Solar Langka, Ternyata ini Biang Keladinya

Badan Pengatur Hilir Minyak dan Gas Bumi menurunkan kuota tahun 2022 dibanding kuota tahun 2021.

Liputan6.com, Surabaya - Ketua DPD RI, AA LaNyalla Mahmud Mattalitti menyatakan biang masalah kelangkaan bahan bakar jenis Solar Subsidi di Indonesia karena penetapan kuota yang dibuat BPH Migas salah.

"BPH Migas tidak memperhitungan kenaikan belanja konsumsi masyarakat, serta peningkatan aktivitas ekonomi masyarakat di tahun 2022. Bahkan tidak menghitung mudik dan balik Lebaran di akhir April dan awal Mei 2022," katanya dalam keterangan tertulis, Jumat (1/4/2022).

Faktanya, lanjut Senator asal Jawa Timur itu, Badan Pengatur Hilir Minyak dan Gas Bumi itu malah menurunkan kuota tahun 2022 dibanding kuota tahun 2021.

"Ini kan aneh. Dirut Pertamina sudah sampaikan, kuota turun 5 persen dari kuota tahun 2021. Sementara ada kenaikan permintaan aktivitas logistik di tahun 2022," ujarnya.

Kelangkaan solar subsidi yang juga terjadi di Jawa Timur juga menjadi perhatian LaNyalla. Menurutnya, Gubernur Khofifah sampai membuat surat kepada Kepala BPH Migas di Jakarta, untuk meminta tambahan kuota Solar Subsidi untuk Jatim.

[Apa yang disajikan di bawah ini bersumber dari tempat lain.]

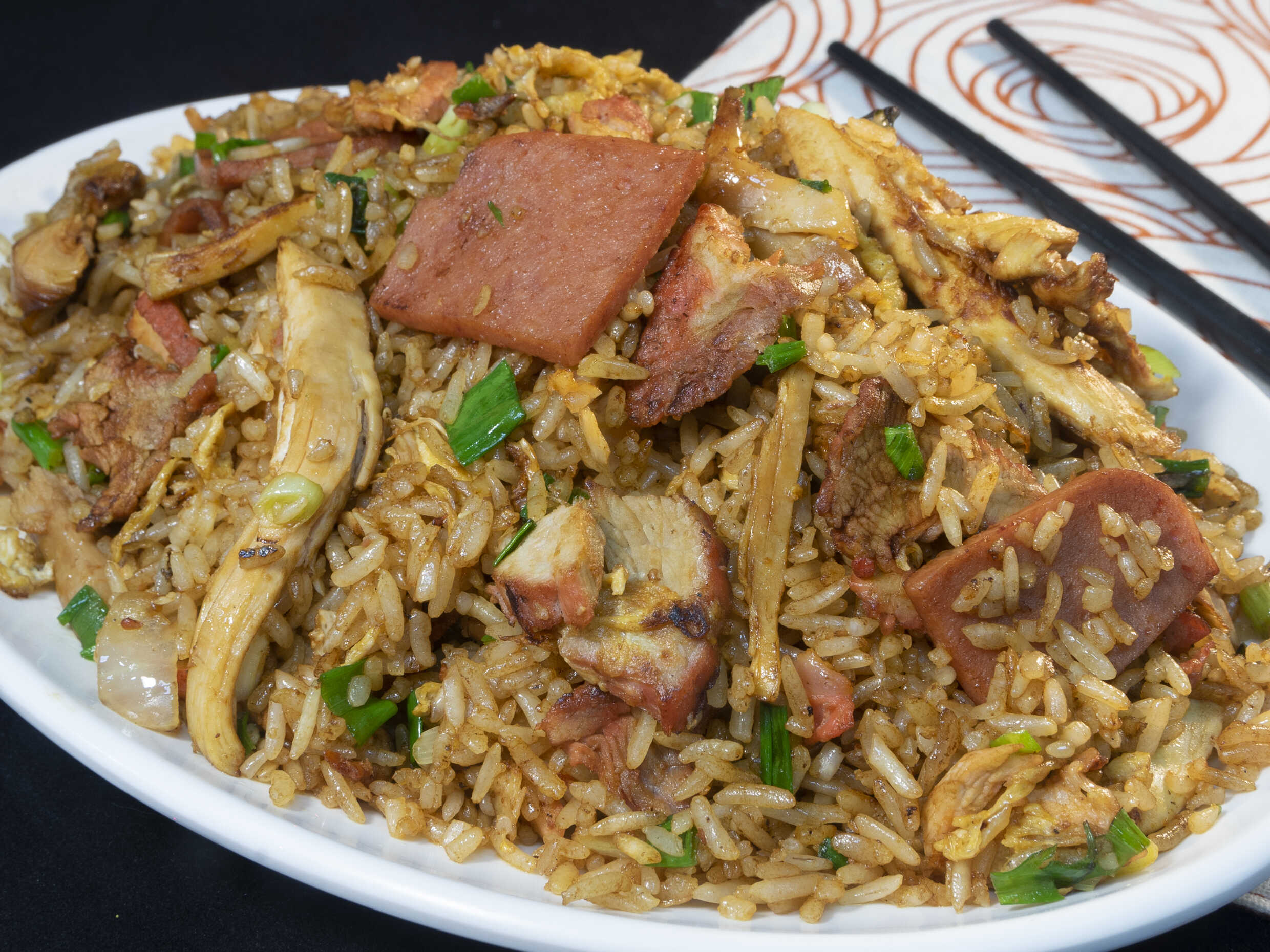 Arroz frito con pollo, jamon, lechon y huevo con cebollin, incluye salsa (Porcion personal)

Pada 2021 mendapat kuota solar subsidi 2.352.388 kilo liter. Tapi 2022 diberi jatah 2.281.581 kilo liter. Karena itu gubernur Jatim minta tambahan kuota 306.045 kilo liter.

"Dan ini diberlakukan nasional. Diturunkan," ungkapnya.

 

 

Saksikan juga video pilihan berikut ini:

* Follow Official WhatsApp Channel Liputan6.com untuk mendapatkan berita-berita terkini dengan mengklik tautan ini.

2 dari 2 halaman

Permintaan Naik

Dikatakan LaNyalla, mekanisme penetapan kuota Solar Subsidi oleh BPH memang salah satunya mempertimbangkan kemampuan keuangan negara. Selain berdasarkan realisasi tahun sebelumnya. Tetapi juga memperhatikan usulan kebutuhan dari pemda.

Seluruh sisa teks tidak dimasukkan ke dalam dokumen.